Famílias só poderão voltar a cidade atingida por incêndio no Canadá em junho

Em Montreal

  • Chris Wattie/ Reuters

Milhares de habitantes de Fort McMurray, região canadense devastada por incêndios florestais, poderão voltar voluntariamente às suas casas em junho se as condições forem favoráveis, disseram as autoridades nesta quarta-feira.

Na localidade petroleira de Fort McMurray "há muitos perigos", disse a primeira-ministra da província de Alberta, Rachel Notley, em coletiva de imprensa. "Temos que lidar com todos eles antes que seja seguro que os habitantes comecem a regressar", declarou.

Notley afirmou que o retorno poderia acontecer entre 1 e 15 de junho, se as condições permitirem, mas "se as condições mudarem, como aconteceu na semana passada, o regresso voluntário pode começar depois" dessa data, esclareceu.

A baixa das temperaturas na semana passada permitiu que os bombeiros apagassem vários focos de incêndio, mas o tempo seco e os ventos contínuos favoreceram nesta quarta-feira o avanço rápido das chamas perto das instalações petroleiras, localizadas cerca de 50 km ao norte de Fort McMurray, e atrasaram a data de regresso dos evacuados.

O corpo de bombeiros estima a superfície queimada na região de Fort McMurray em 4.220 km2, dos quais 670 km2 foram destruídos nas últimas 24 horas.

"Temos condições de fogo extremas", e os ventos avivam as chamas, indicou Travis Fairweather, porta-voz dos bombeiros, à rede de televisão CBC.

Nas duas últimas semanas foram evacuadas mais de 100.000 pessoas de Fort McMurray e arredores, que se refugiaram nas cidades de Edmonton e Calgary e, na maioria dos casos, em casas de familiares nas suas localidades de origem.

O aumento dos incêndios e, principalmente, as espessas colunas de fumaça que rodeiam a cidade obrigaram a suspender ou atrasar os trabalhos de restauração das redes de água, gás e esgoto e das infraestruturas, já que os trabalhadores tiveram que se refugiar.

Uma explosão que afetou quase uma dezena de casas na terça-feira e os incêndios que continuam surgindo por toda a cidade são sinais de que ainda não há condições para o retorno dos habitantes, disse Notley mais cedo nesta quarta-feira.

Dezoito incêndios ativos

A eletricidade foi restabelecida em grande parte da cidade, e o fluxo de gás já retornou a cerca de 60% dos imóveis de Fort McMurray.
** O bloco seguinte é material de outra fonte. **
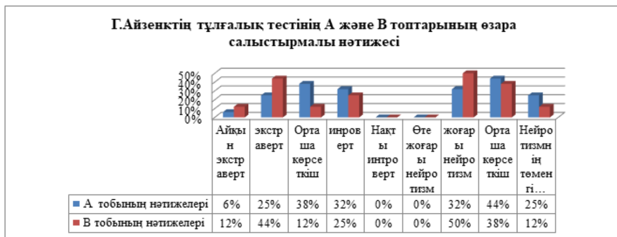
Сурет 3. Г.Айзенктің тұлғалық тестінің А және В топтарының өзара салыстырмалы нәтижесі

Г. Айзенктің тұлғалық тесті мен А.Г. Маклаков және С.И. Чермяниннің Көпдеңгейлі тұлғалық сұрақнамасы арқылы біз Қарулы Күштер қатарындағы әскери салада еңбек ететін әйелдердің кәсіби маман ретінде қарастыру барысында, олардың бойындағы тұлғалық-психологиялық ерекшеліктерін қарастырдық (Сурет 3).

As instalações petroleiras continuam ameaçadas pelas chamas, assim como enormes acampamentos de casas pré-fabricadas nos quais, em condições normais, moram milhares de trabalhadores do setor.

Na terça-feira, o fogo destruiu 665 casas de um desses alojamentos, que tinha sido evacuado uma hora antes.

Os grupos petroleiros Suncor e Syncrude, que no final da semana passada fizeram com que grande parte dos empregados retornasse para que a produção fosse retomada, deslocaram na terça-feira 8.000 pessoas para o norte, até a urbanização de Fort MacKay, e deixaram nas instalações apenas uma centena de empregados treinados para combater incêndios.

O impacto na produção petroleira é de cerca de 1,2 milhão de barris diários na bacia de Athabasca, ao norte de Fort McMurray, segundo o instituto Conference Board.

Nesta quarta-feira, 18 incêndios permanecem ativos em toda a província de Alberta, dos quais três estão fora de controle, segundo os serviços de bombeiros.